The campaign for “say on pay” in Canada scored a major victory this proxy season when proposals for advisory votes were approved by a majority of shareholders at four of Canada’s banks – Royal Bank, CIBC, Bank of Montreal and Bank of Nova Scotia. As a result, National Bank of Canada and Toronto-Dominion Bank agreed to advisory votes on executive compensation prior to proposals being voted on at their upcoming annual general meeting. This is a change from the year before. When shareholder proposals for advisory votes were brought before Canada’s “Big Five” banks in 2008, each of the banks’ boards recommended shareholders vote against the proposals and they failed to pass. The mood is much different this year. The Canadian Coalition for Good Governance (CCGG), an organization representing the interests of institutional investors, changed its position in support of “say on pay” at the end of March, following the voluntary adoption of “say on pay” by such public issuers as Sun Life Financial and Manulife Financial Corporation.

Miller Thomson Analysis

One of the biggest arguments against non-binding advisory votes is that such votes could lead to legal uncertainty and negative voting results provide little guidance to boards as to how to improve compensation policies. Is “say on pay” legislation the next step in Canada? Such legislation is already adopted in the United Kingdom and Australia and legislation for binding annual shareholder votes on executive pay was adopted in the Netherlands, Sweden, Norway, Spain and France. In the U.S., the American Recovery and Reinvestment Act of 2009 (ARRA) was signed into law on February 17, 2009. Under ARRA, financial institutions that received funds under the Troubled Asset Recovery Program (TARP) (approximately 400) are required to submit an annual, non-binding shareholder vote on executive compensation with all proxies filed after February 17, 2009.

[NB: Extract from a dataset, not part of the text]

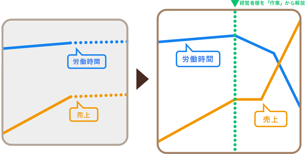 これが「労働時間」が削減すると「売上」が上がる仕組みです。

What should boards be doing now?

  1. Whether or not a shareholder proposal has been submitted for an advisory shareholder vote on executive compensation, the topic should be addressed at this year’s annual shareholder meeting.
  2. Executive compensation policies should be clear and effort should be made to show a direct alignment between compensation and performance.
  3. Prior to the annual meeting, boards should talk with key shareholders and get their views on the issue.
  4. Current compensation policies should be reviewed and evaluated with a focus on improving executive compensation disclosure.